Waren wir lange zu naiv? Das Prinzip „Wandel durch Handel“ hat ja schon im Umgang mit Russland nicht funktioniert.
Weber: Ich habe jahrelang Kritik geübt an der russischen Gaspipeline Nord Stream 2. Andererseits werfe ich niemandem vor, mit Hoffnung und Optimismus auf andere zugegangen zu sein. Das war die Grundhaltung in den vergangenen Jahren, sowohl gegenüber Russland als auch gegenüber China. Aber der Blick zurück hilft uns ja nicht weiter, nun geht es darum, unsere Lektion zu lernen. Und die heißt: Europa muss selbstbewusst werden, Europa muss eigenständig werden, Europa muss klare Ziele definieren. Wir müssen die Zeitenwende, in der wir leben, selbstbewusst gestalten.
Wie kann das gelingen? Schon die harte Linie gegenüber Russland kostet Deutschland Wohlstand.
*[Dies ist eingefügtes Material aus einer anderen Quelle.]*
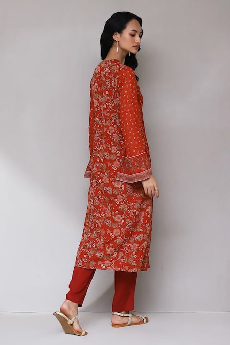 Orange floral printed kurta featuring a round neckline and bell sleeves. Paired with matching pants and a contrasting dupatta.
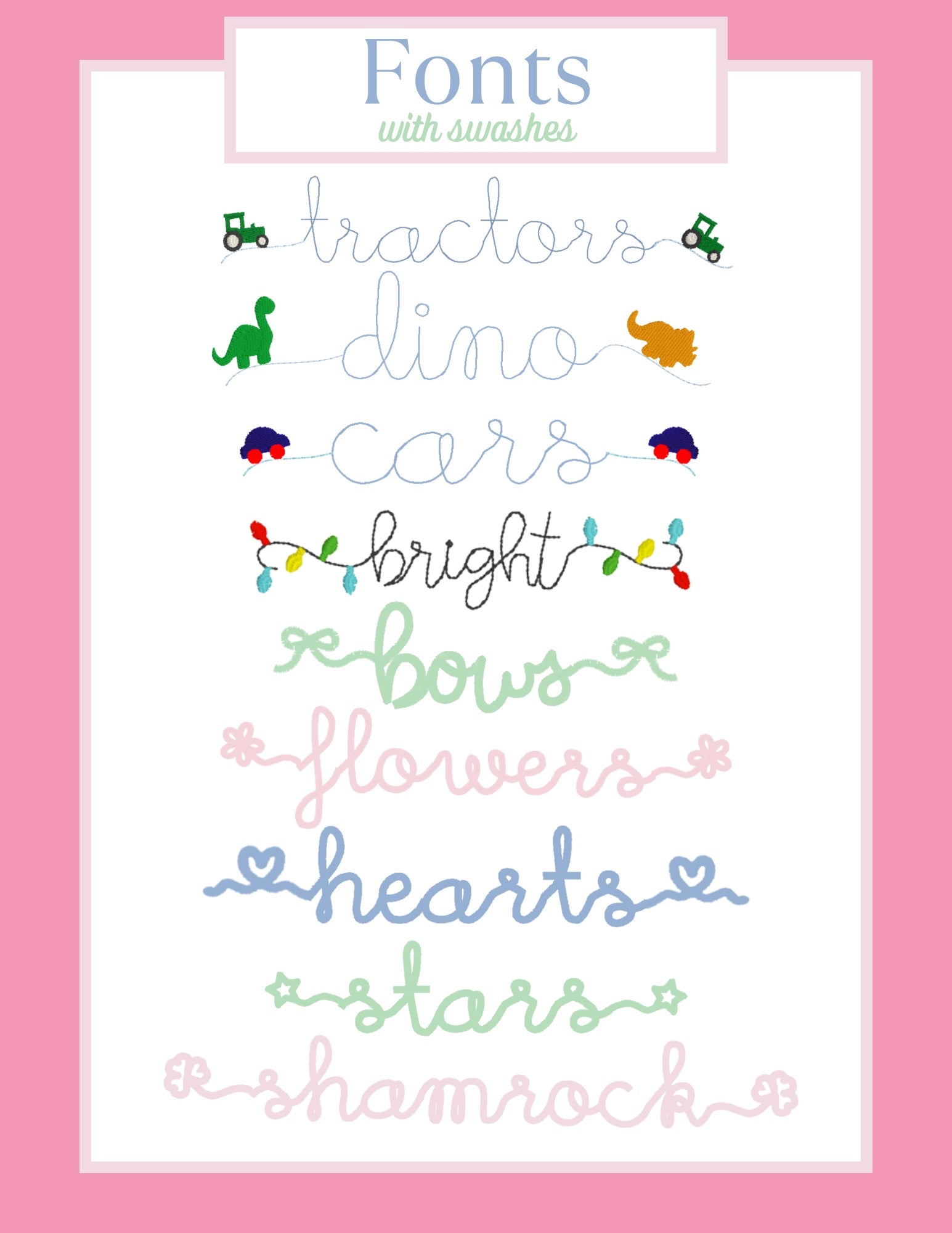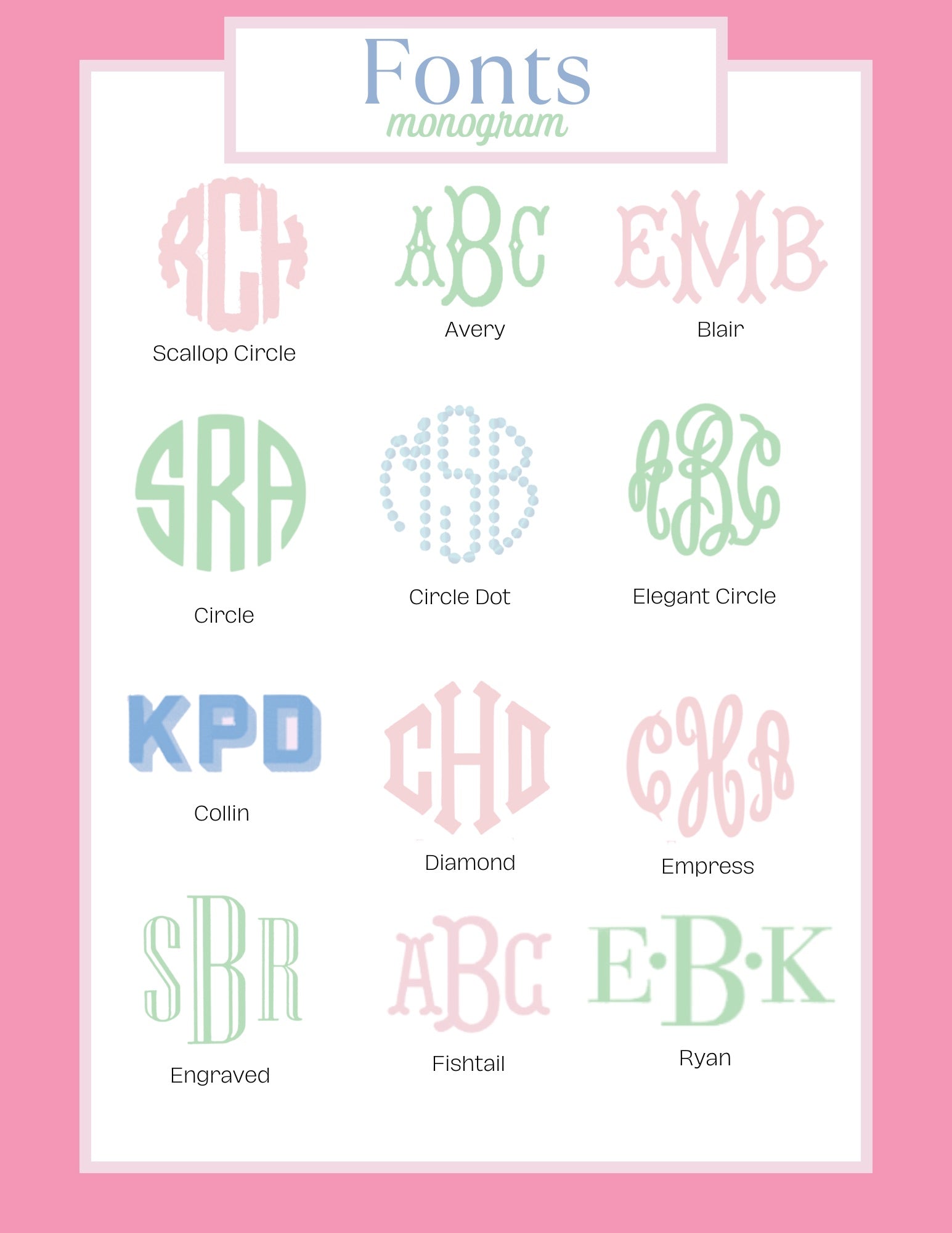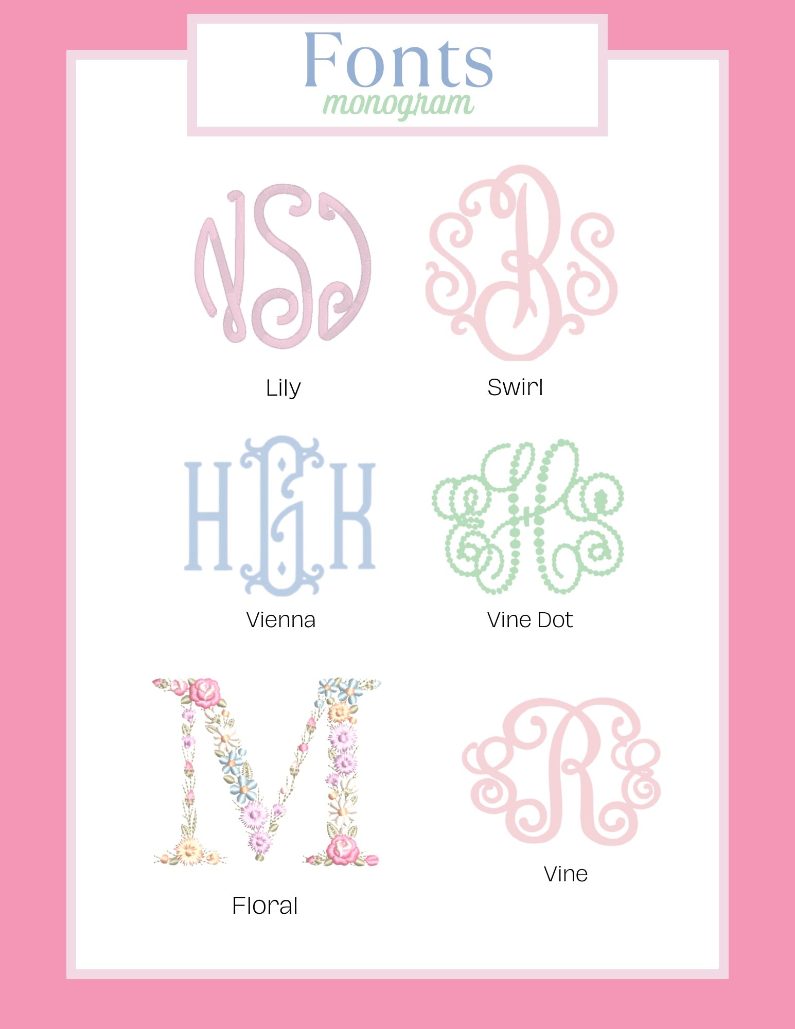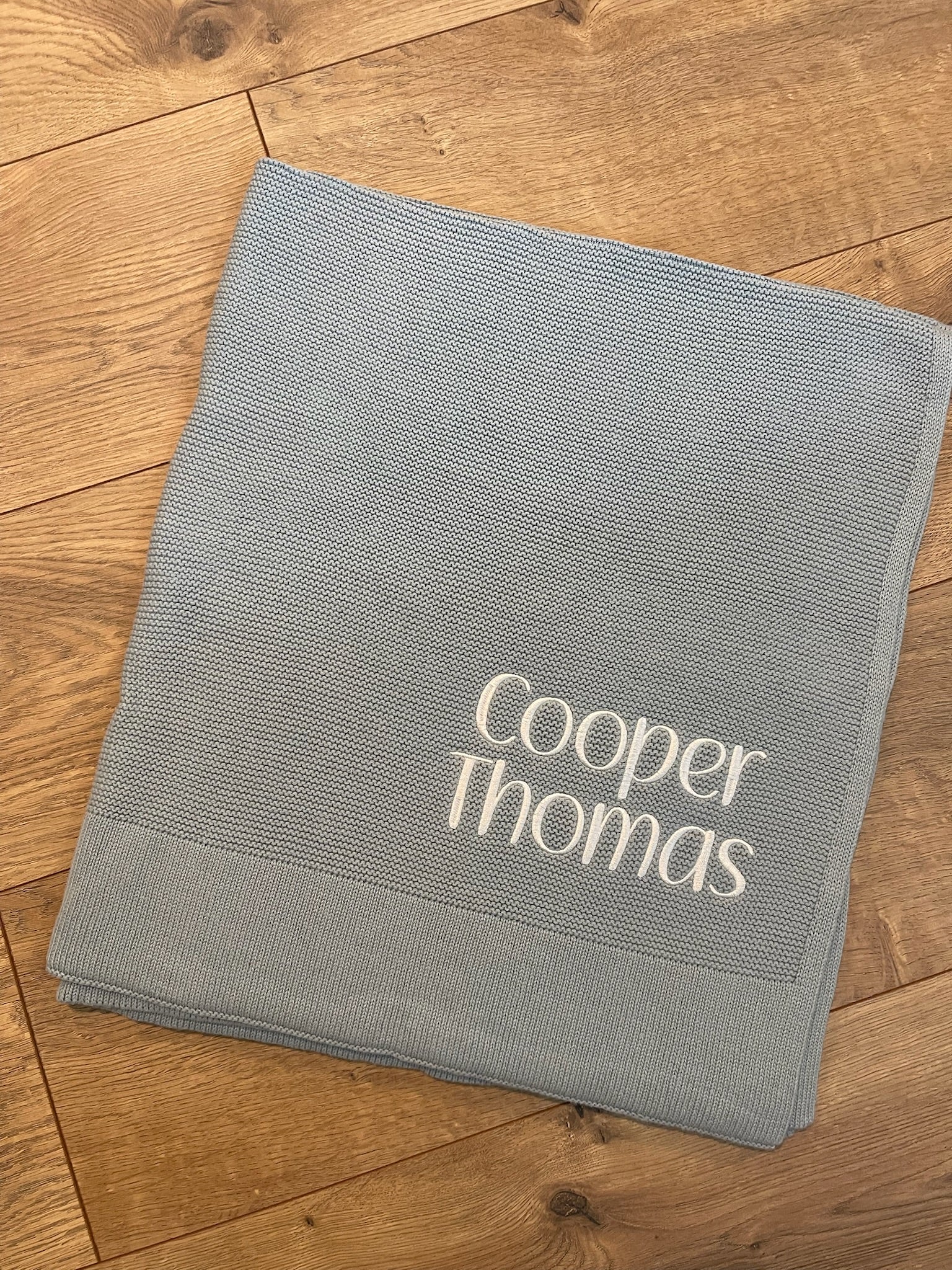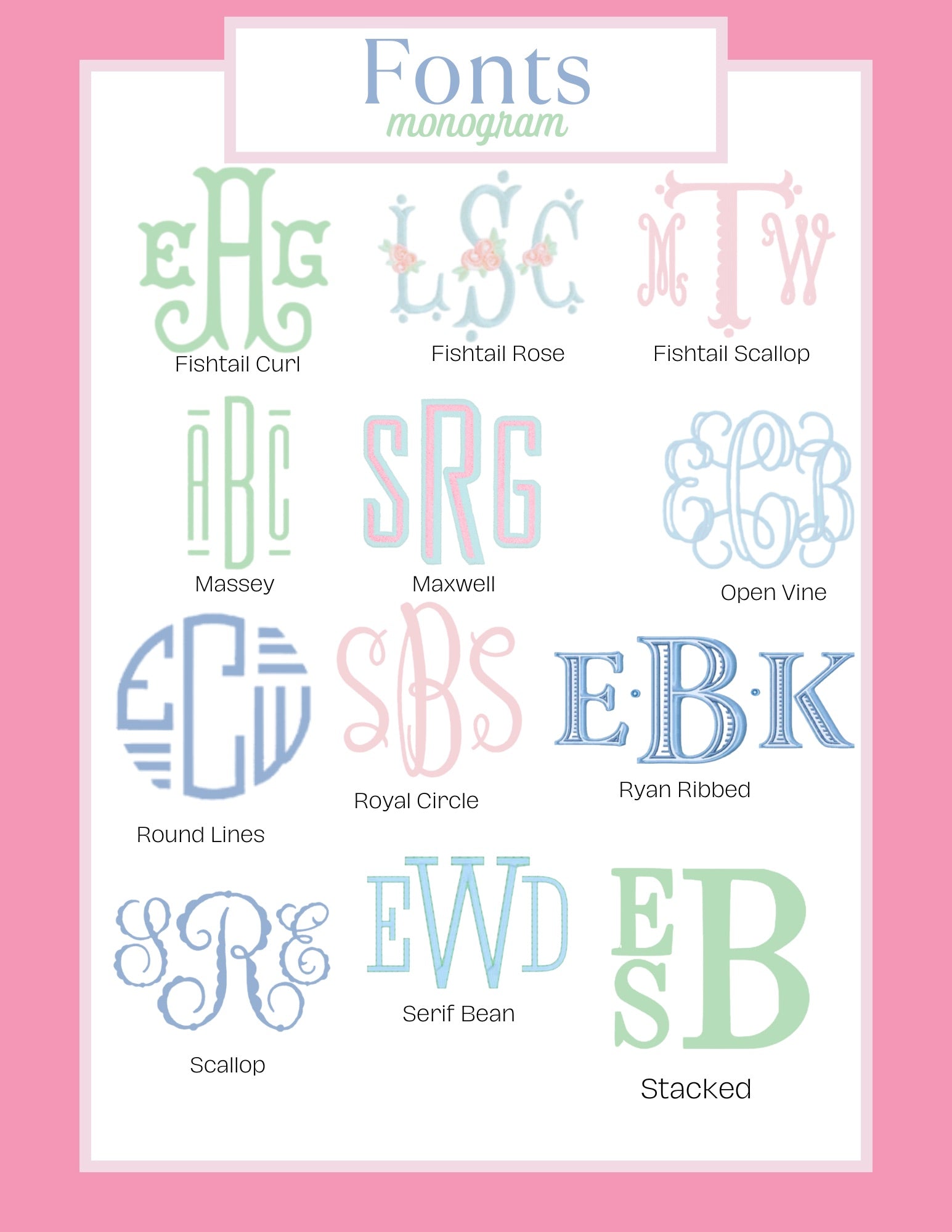 Please indicate the name you'd like stitched, the font choice, and the thread color(s) you'd like.

Weber: Zeiten der Veränderung sind immer herausfordernde Zeiten. Es ist wichtig, dass die Politik das den Menschen auch ehrlich sagt. Es wird kein einfaches „weiter so“ mehr geben. Gerade wir in Bayern haben goldene Jahre erlebt. Doch unser bayerisches, unser deutsches, unser europäisches Geschäftsmodell, mit dem wir die vergangenen 30 Jahre unseren Wohlstand aufgebaut haben, ist beendet. Denn es basiert darauf, dass wir günstige Rohstoffe wie Gas aus Russland, aus Asien, aus der Türkei bekommen und sie bei uns zu guten Produkten veredeln und schließlich auf die Wachstumsmärkte vor allem in Asien weiterverkaufen. Das ist vorbei. Bei der Energie sehen wir das aktuell durch den Konflikt mit Russland. Und bei den Absatzmärkten hat der chinesische Präsident Xi Jinping eine klare Richtung vorgegeben: Er will den chinesischen Binnenmarkt ankurbeln. Das heißt, dass China weniger importieren wird. Wenn wir uns diese beiden Aspekte anschauen, dann müssen wir zu dem Schluss kommen: Die wirtschaftliche Welt wird sich fundamental ändern. Und auf diese Veränderung müssen wir uns einlassen. Wer glaubt, wir können einfach weitermachen, der ist naiv.
Keine guten Aussichten…
Weber: Allerdings hat die Politik auch die Aufgabe, eine Perspektive aufzubauen. Meine Perspektive ist: Wir müssen Freihandelszonen mit jenen aufbauen, die ähnlich ticken wie wir Europäer, die zumindest im Kern unsere Prinzipien teilen. Ich denke da an Südafrika, an Indonesien, an Indien. Vor knapp 50 Jahren ist Franz-Josef Strauß nach China geflogen, heute müssen wir in den Flieger steigen und nach Indien fliegen. Mit Japan und Kanada haben wir schon gut funktionierende Kooperationen, aber wir brauchen mehr Länder. Wir müssen eine Freihandelszone der freien Welt gründen. Die könnte 60 Prozent des weltweiten Bruttoinlandsprodukts bündeln und hätte viel Kraft, um zu gestalten.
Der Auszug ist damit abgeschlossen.